- Born: Christian Tsui Hesse 29 August 1932 (age 93) Osu, Accra
- Education: Odorgono Secondary School; National Film School in Łódź; University of Sorbonne; University of Southern California (BDiv, PhD);
- Occupations: cinematographer; filmmaker; photographer; Presbyterian minister;
- Years active: 1954–1994
- Spouse: Regina Hesse (m. 1959)

Ecclesiastical career
- Church: Presbyterian Church of Ghana

= Chris Tsui Hesse =

Ghanaian cinematographer, filmmaker and Presbyterian minister

Christian Tsui Hesse, popularly known as Chris Hesse (born 29 August 1932) is a Ghanaian cinematographer, filmmaker, film administrator, photographer and Presbyterian minister who is known for his cinematography in several award-winning films such as the critically acclaimed Love Brewed in the African Pot (1980) and Heritage Africa (1989).

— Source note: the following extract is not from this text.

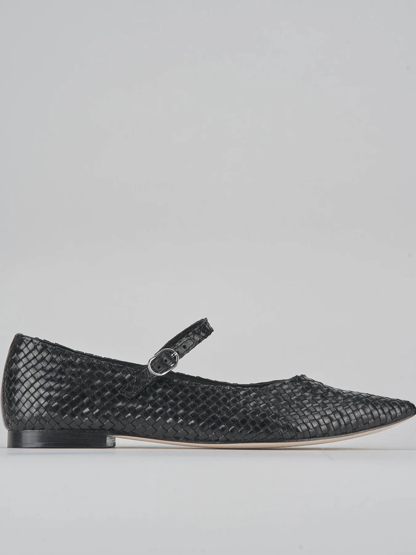 La tomaia in morbida pelle presenta un raffinato intreccio, mentre la punta sfilata e lo scollo a ‘U’ donano un tocco di sofisticatezza.

He was the personal cinematographer of Ghana's first President, Dr Kwame Nkrumah. Chris Hesse helped to document the visual history of the political leadership and development of the country. He also worked for the United Nations, serving as a photographer, documenting the Congo Crisis in 1960.

== Early life and education ==

Chris Tsui Hesse was born on 29 August 1932 at Osu, Accra. He attended the all-boys' Presbyterian boarding middle school, the Salem School and the Odorgonno Secondary School, obtaining the Cambridge Overseas Certificate in 1954. In the same year, he was employed at the Ghana Film Industry Corporation (GFIC). He attended the National Film School in Łódź in Poland and graduated in 1960. He also obtained a post-graduate certificate in Film and TV Arts from the University of Sorbonne in Paris. His other academic credentials include a Bachelor of Divinity (1985) and a PhD (1989) in Film and Arts, both earned from the University of Southern California, California.

== Career ==
His entire working career spans four decades (1954–1994), spent in the service of the Gold Coast Film Unit, later called the Ghana Film Industry Corporation. He worked on the British Academy Film Award which later got nominated for Best Film from any Source, The Boy Kumasenu (1952) directed by British director Sean Graham. Hesse rose through the ranks to become the managing director of the Ghana Film Industry Corporation (GFIC) for ten years until his retirement from government service 1994. Chris Hesse has a wealth of experience in film production, including being the head of News Department of the GFIC for ten years (1974–1984) within which he produced several newsreels, magazines, adverts and short documentaries, some of which have won international awards. He won the Golden Camera Award (First Prize in Cinematography in Africa) at the Pan African Film Festival in Ouagadougou, Burkina Faso (FESPACO) in 1985. He was the director of photography for Kwaw Ansah's award-winning films Love Brewed in the African Pot (1980) and Heritage Africa (1989). He was also the director of photography for the filmmaker Ato Yanney Snr.’s His Majesty's Sergeant (1984). He also travelled extensively throughout the world filming conferences at the UN, Commonwealth, OAU, Non-Aligned Movement, visits of Heads of State and various international seminars.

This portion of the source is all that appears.